About this task => The listing is to be transcribed in full, with its images left out.

[Supplied information Boundary: Start]

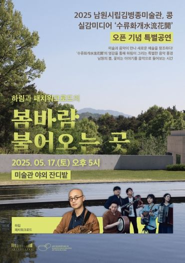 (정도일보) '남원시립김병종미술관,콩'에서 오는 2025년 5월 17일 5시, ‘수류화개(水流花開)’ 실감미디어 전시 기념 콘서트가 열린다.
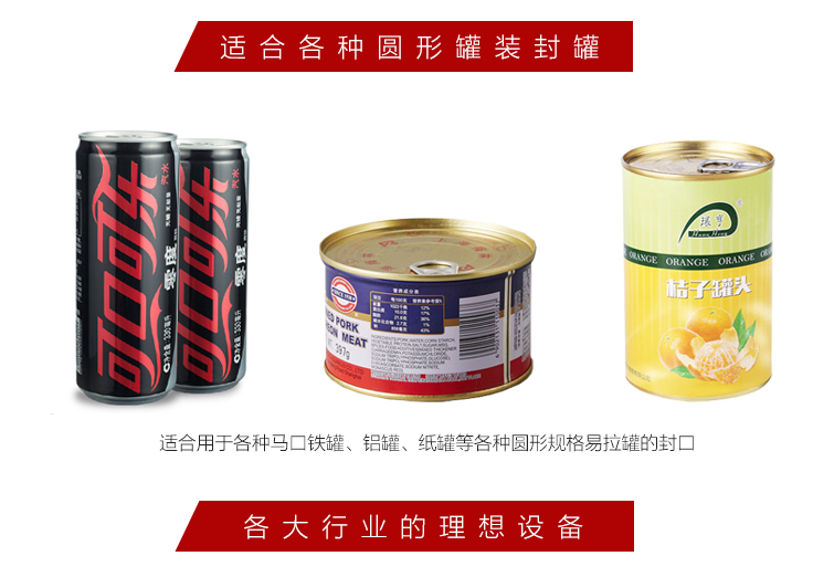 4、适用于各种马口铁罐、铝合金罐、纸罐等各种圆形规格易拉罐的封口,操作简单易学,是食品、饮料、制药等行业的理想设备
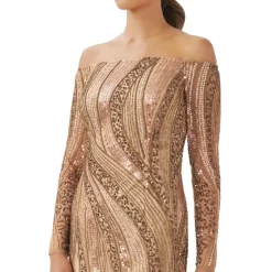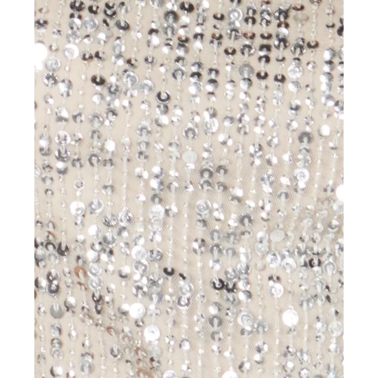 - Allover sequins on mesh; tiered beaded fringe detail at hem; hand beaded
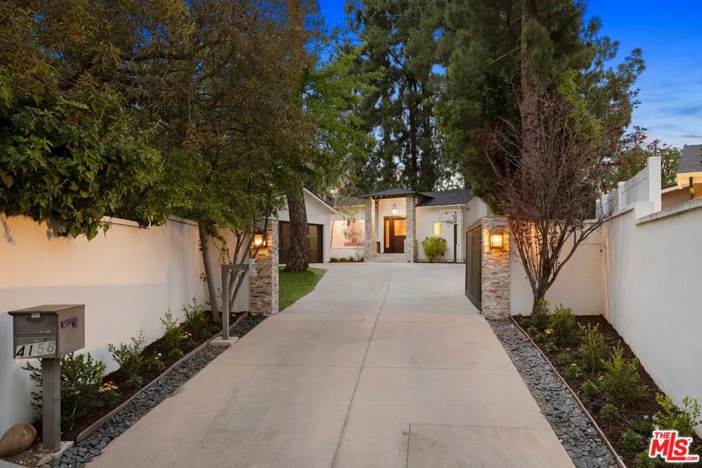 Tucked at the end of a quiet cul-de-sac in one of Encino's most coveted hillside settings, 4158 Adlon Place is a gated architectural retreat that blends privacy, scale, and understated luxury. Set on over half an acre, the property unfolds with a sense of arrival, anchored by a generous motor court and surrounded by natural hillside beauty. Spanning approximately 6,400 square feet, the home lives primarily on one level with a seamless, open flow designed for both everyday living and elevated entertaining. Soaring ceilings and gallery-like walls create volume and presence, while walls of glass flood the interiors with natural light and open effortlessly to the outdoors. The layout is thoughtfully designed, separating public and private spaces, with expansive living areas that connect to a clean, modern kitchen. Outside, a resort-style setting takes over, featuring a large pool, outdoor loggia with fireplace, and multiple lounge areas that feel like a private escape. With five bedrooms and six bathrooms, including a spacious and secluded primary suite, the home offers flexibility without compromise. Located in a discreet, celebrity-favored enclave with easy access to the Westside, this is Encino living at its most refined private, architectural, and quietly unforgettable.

[Supplied information Boundary: End]

Solved exercise =>
 (정도일보) '남원시립김병종미술관,콩'에서 오는 2025년 5월 17일 5시, ‘수류화개(水流花開)’ 실감미디어 전시 기념 콘서트가 열린다.
 4、适用于各种马口铁罐、铝合金罐、纸罐等各种圆形规格易拉罐的封口,操作简单易学,是食品、饮料、制药等行业的理想设备
 - Allover sequins on mesh; tiered beaded fringe detail at hem; hand beaded
 Tucked at the end of a quiet cul-de-sac in one of Encino's most coveted hillside settings, 4158 Adlon Place is a gated architectural retreat that blends privacy, scale, and understated luxury. Set on over half an acre, the property unfolds with a sense of arrival, anchored by a generous motor court and surrounded by natural hillside beauty. Spanning approximately 6,400 square feet, the home lives primarily on one level with a seamless, open flow designed for both everyday living and elevated entertaining. Soaring ceilings and gallery-like walls create volume and presence, while walls of glass flood the interiors with natural light and open effortlessly to the outdoors. The layout is thoughtfully designed, separating public and private spaces, with expansive living areas that connect to a clean, modern kitchen. Outside, a resort-style setting takes over, featuring a large pool, outdoor loggia with fireplace, and multiple lounge areas that feel like a private escape. With five bedrooms and six bathrooms, including a spacious and secluded primary suite, the home offers flexibility without compromise. Located in a discreet, celebrity-favored enclave with easy access to the Westside, this is Encino living at its most refined private, architectural, and quietly unforgettable.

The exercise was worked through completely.